Another young Dunedin band putting their own stylistic spin on NZ jangle pop is Sewage. Their particular stylistic spin involves not using guitars and dispensing with the pop by not having songs. The only thing jangling here is the listener’s senses.

It’s free jazz, with the emphasis on free. I’ve picked “Good Friend Long Gone” because it’s the Sewage equivalent of an accessible radio-friendly free jazz standard to introduce you gently to their realm and, perhaps “take you to heaven in a handbasket.”

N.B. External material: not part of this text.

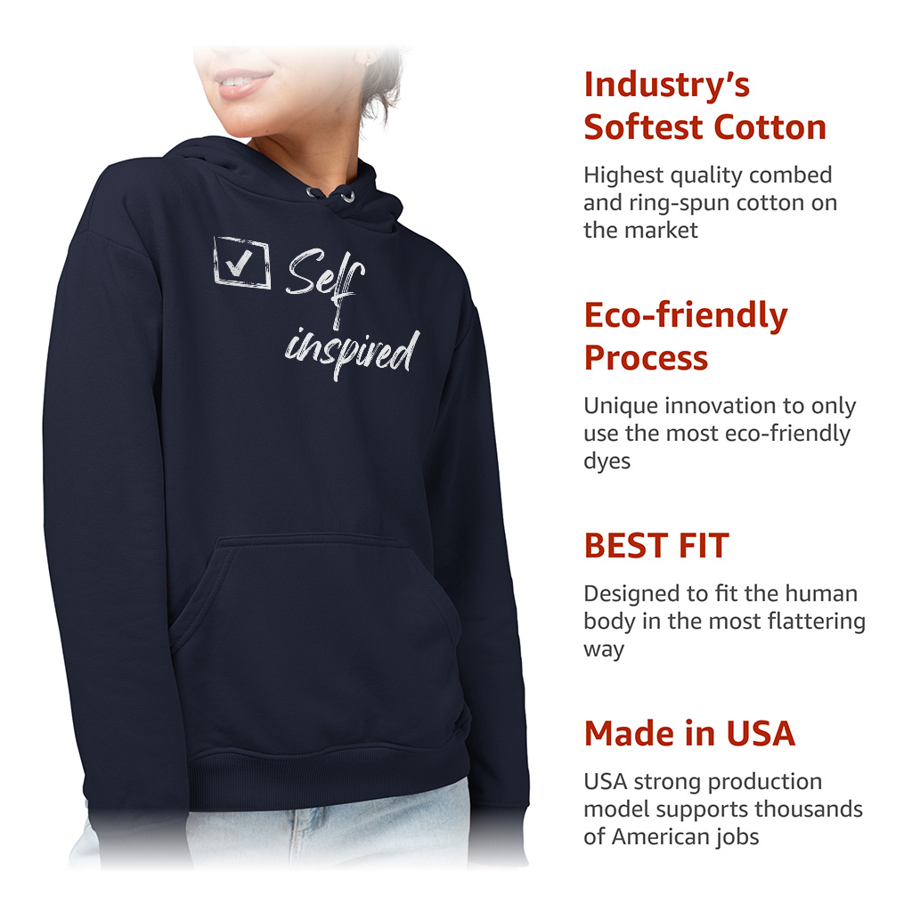 Self Inspired Hoodie is proudly made with 7x less water than average manufacturers, in recycle-friendly facilities that also guarantee zero sweatshop conditions. Self Inspired Hoodie is Designed and printed in California.

Lately I’ve been drawn back to some early 80s modal jazz LPs in my collection. I’d been drawn back to them after getting lost in the Rich Ruth album “I Survived, It’s Over” which takes an extraordinary journey from psychedelic space-rock through Cosmic Music, free jazz and experimental New Age music and beyond.

Sewage’s unorthodox deconstructed Avant-Garde style of experimental music is likely to evoke strong reactions. I’ve been enjoying it, admittedly with some dosage control. In the right state of mind the music of Sewage is primal, exciting and liberating.

Sewage is Ro Rushton-Green (saxophone/violin/screaming) and Gabriel Griffin (drums/ percussion) and the double album was recorded live at the Lines of Flight festival in 2017. In the words of Lines of Flight co-organiser Peter Porteous: ‘Sewage are a band that you clear your schedule to see play…. raw and life-affirming, adrenalin fire music, the spirit of Albert Ayler within…. after eight years of watching them play my initial euphoria has not diminished…. their music hits me right in the gut, as all good music should. Wild, unpredictable, joyously bracing and very free…. all hail Sewage!’